IRVING, Texas (March 21, 2023) — UD modern languages professor Laura Eidt, Ph.D., describes her teaching style simply: “We’re not doing German for tourism.”
Although Eidt means that she guides her students toward literacy as well as fluency, her statement also feels a bit like a warning. Her latest publication, a book for beginning learners, doesn’t walk readers through a trip to the grocery store. “Märchen und Legenden” retells fairy tales in their original form — Cinderella’s stepsisters get their eyes pecked out by birds, for example — with authentic but simple speech meant to help students acquire the language naturally.
Eidt said she saw a need for materials that can ease students into grammar without compromising culture.
“There really isn’t anything out there. A lot of the easy reader books are really just silly. They are about people’s everyday lives, and not really very significant topics,” Eidt said. “So introducing students to those aspects of German culture is a great way to bring in high culture even in the early levels of language classes.”
Folklore readers may already have English versions with all the old dismemberment, witchcraft and other unsettling elements that couldn’t get a PG rating. However, Eidt said even uncensored versions often ignore subtle but crucial elements of the original German stories.
“What’s great about fairy tales is that there’s so much repetition in there. Rewritten American versions tend to leave out all of these repetitions, but they’re really good for language learning,” Eidt said, adding that repetition is important to the structure of the story as well.
“Events in the stories happen three or seven times, which is a deeply religious and significant element. There’s, of course, the Trinity, the reflection of the Trinity, and then also the seven vices and virtues. I’ve tried to retain those elements, and I’ve simplified the language but not the structure of the fairy tale.”
The published book evolved from Eidt’s class lesson plan, a meticulously developed collection of text and grammar aimed at training students to read German literature.
Eidt doesn’t just pore over Goethe with upperclassmen. In addition to her scholarly writing, Eidt has invested time and research into finding the best teaching methods for language learners of all ages. Alongside her work with undergraduates, Eidt has mentored at a bilingual school in Dallas and serves as a director of the K-5 “Latin Through Stories” curriculum of the St. Ambrose Center for Catholic Liberal Education and Culture.

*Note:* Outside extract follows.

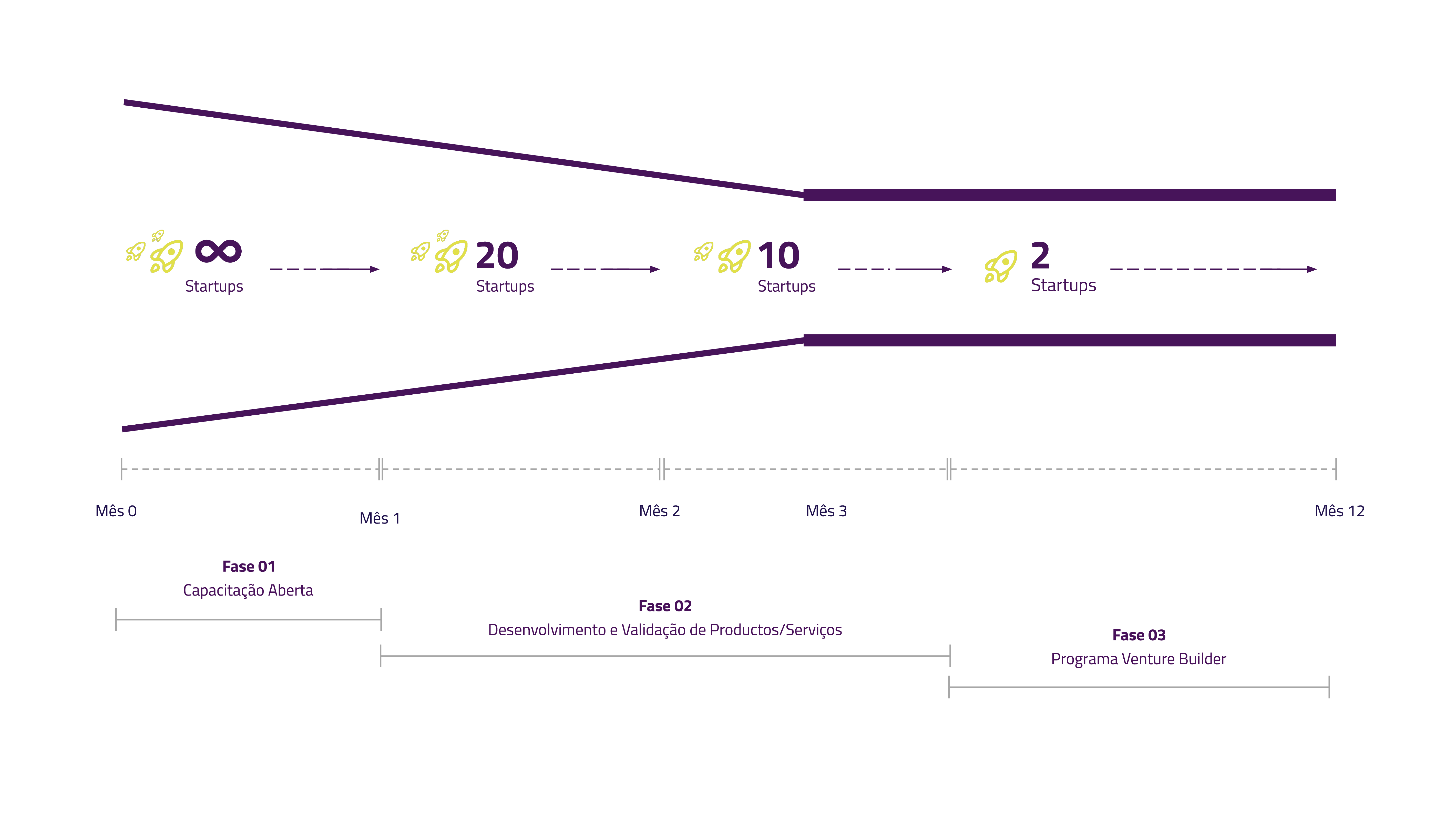 Após a fase inicial, 20 startups serão selecionadas para um processo intensivo de desenvolvimento de produtos. Durante o primeiro mês, as startups trabalharão no aprimoramento das suas soluções com o apoio de especialistas.

For Eidt, stories are the heart of language pedagogy.
“The classical reason for learning a language is to be able to participate in the ongoing great conversation in that language,” Eidt said.
“My advanced language students participate in that great conversation by reading Faust and having Socratic seminars about Kafka. At the beginning language level, that looks a little bit different, but that is still part of the goal: that they become initiated into elements of German culture that they can interact with at their level. And first you need a good basis, a good grounding, and reading gives you a lot of that.”